En outre, l’existence, pour un nom dérivé d’adjectif de qualité, d’un emploi
dénombrable est imprévisible : on a cet emploi avec jeunesse mais pas avec
vieillesse, avec saleté mais pas avec propreté, etc. Cette absence de régularité
dans l’emploi dénombrable de ces dérivés d’adjectifs, à signification concrète,
contraste fortement avec ce qui se passe pour les noms dérivés d’AEC.
1.2. Les noms dérivés d’AEC
Nous avons établi dans notre travail sur les adjectifs d’évaluation de
comportement qu’ils constituaient, en dépit des apparences, des prédicats de type
ILP. Les noms qui en dérivent sont donc, eux aussi, des noms prédicatifs du
même type, et, en tant que tels, essentiellement indénombrables quoiqu’ils aient,
eux aussi, des emplois dénombrables.
Ce qui complique la description de ces noms, dans leurs deux emplois,
indénombrable et dénombrable, est que les adjectifs correspondants peuvent
apparaître avec deux grands types de sujets, sans qu’on puisse pour autant dire
qu’ils soient polysémiques.

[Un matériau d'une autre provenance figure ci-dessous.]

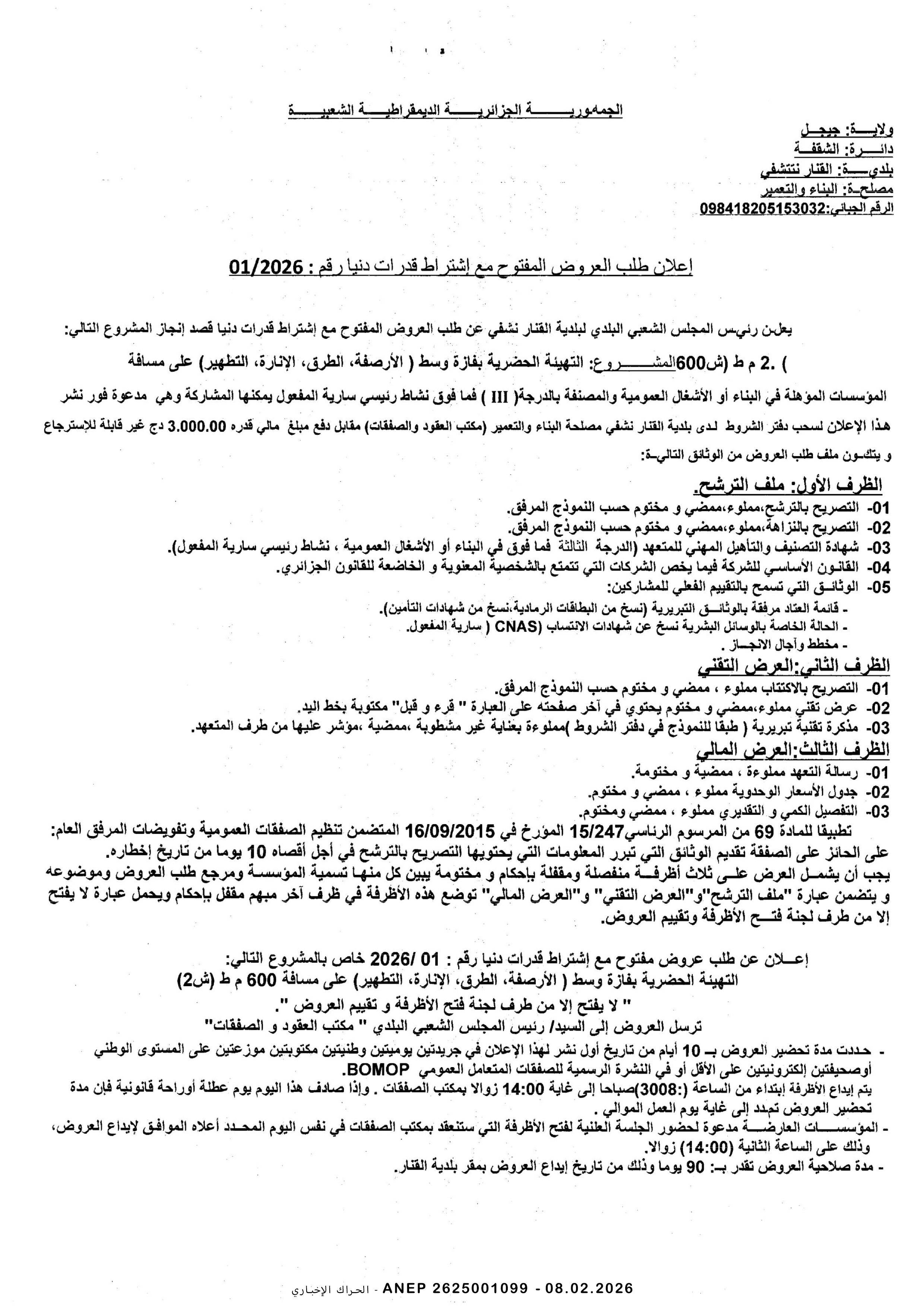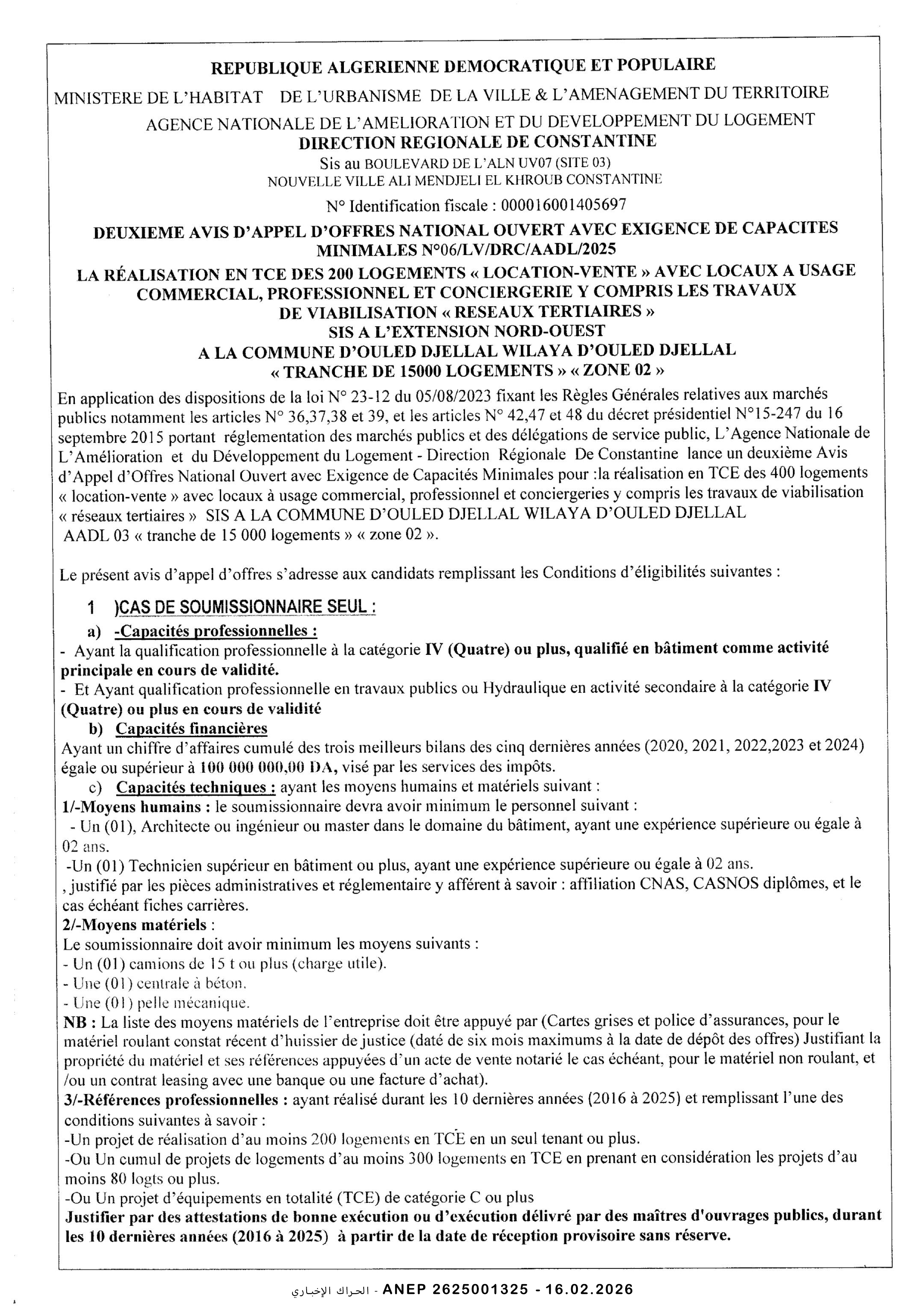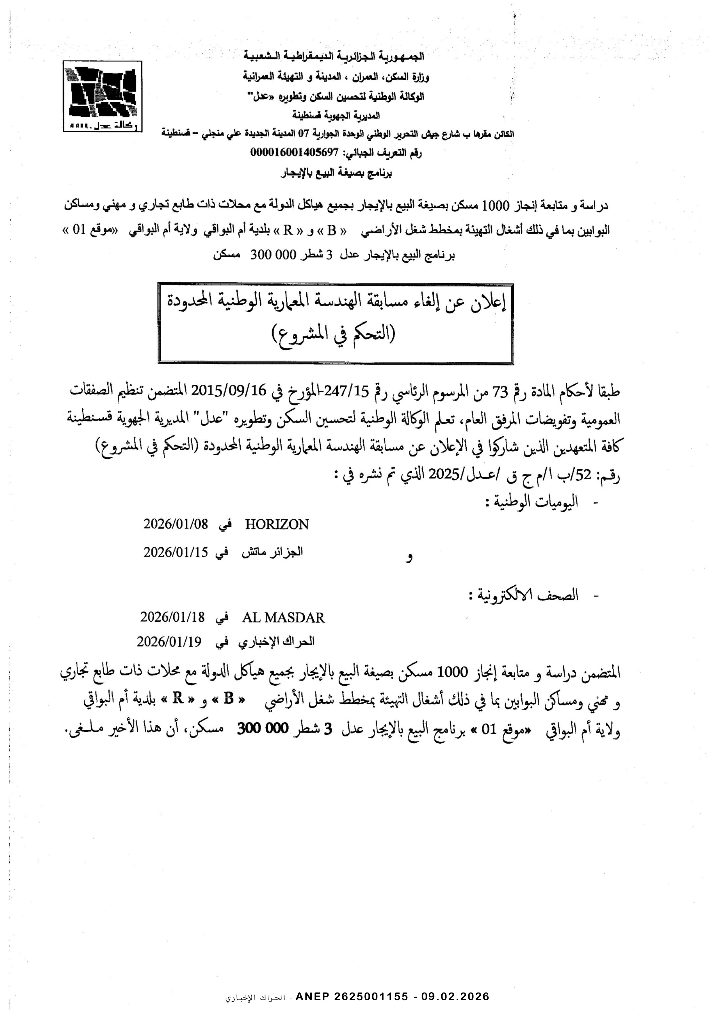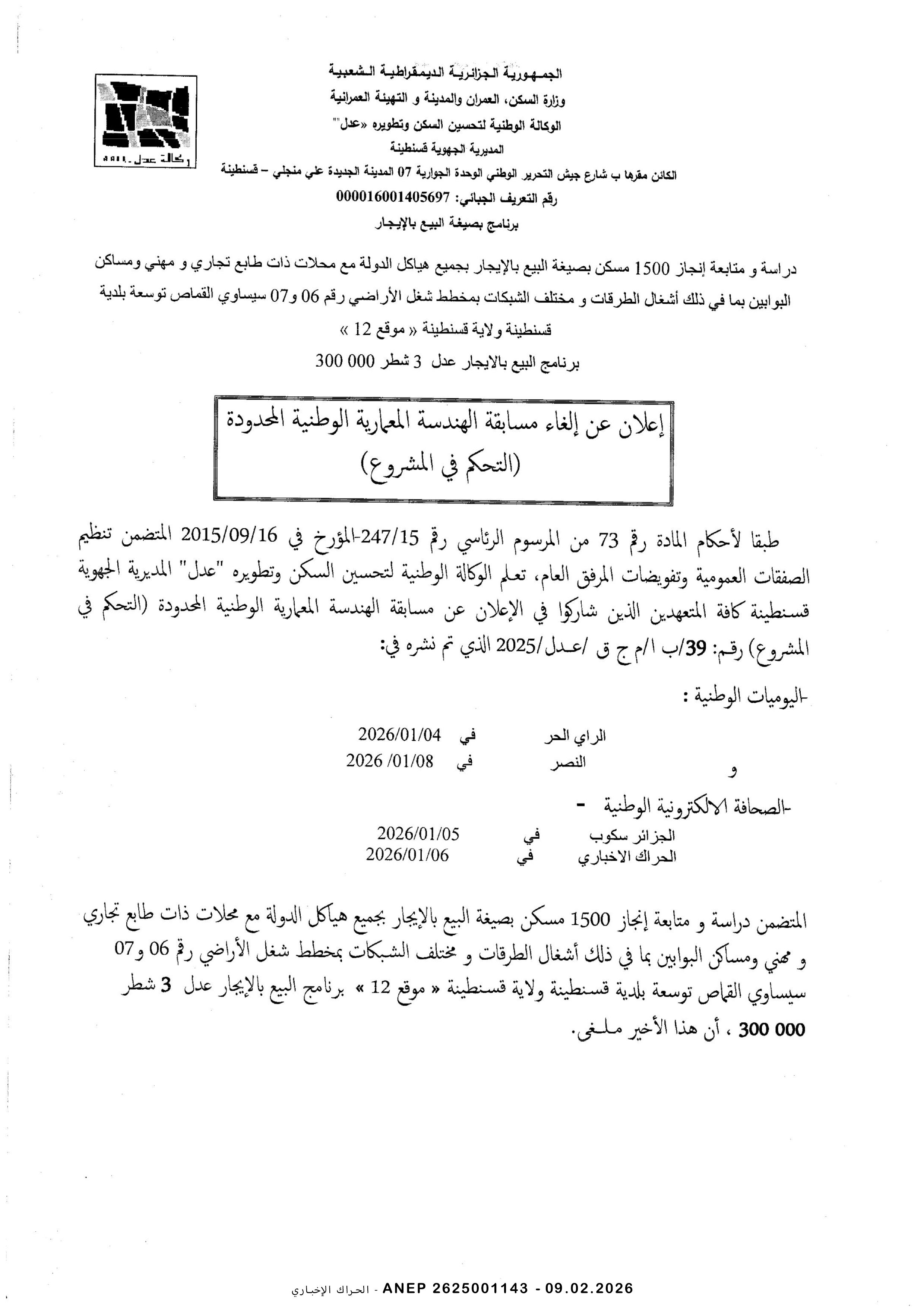 إنجاز 1500 مسكن بيع بالايجار مع محلات و مساكن للبوابين و كل المرافق بلدية قسنطينة

On le voit en comparant les deux phrases suivantes :
(7) Jean est gentil de parler tous les jours à ma mère
(8) C’est gentil de la part de Jean de parler tous les jours à ma mère
Dans ces phrases, la gentillesse apparaît successivement comme une propriété de
Jean (cf. l’exemple (7)), puis d’un acte de Jean (cf. l’exemple (8)), sans qu’il y ait
entre elles la moindre différence de sens. Plus exactement, ce n’est pas l’acte
même de parler, accompli par Jean, qui est en lui-même gentil, puisque la phrase
(8) n’implique nullement que Jean parle à ma mère avec gentillesse. Ce qui est
gentil, c’est le simple fait de l’accomplissement par Jean de l’acte de parler.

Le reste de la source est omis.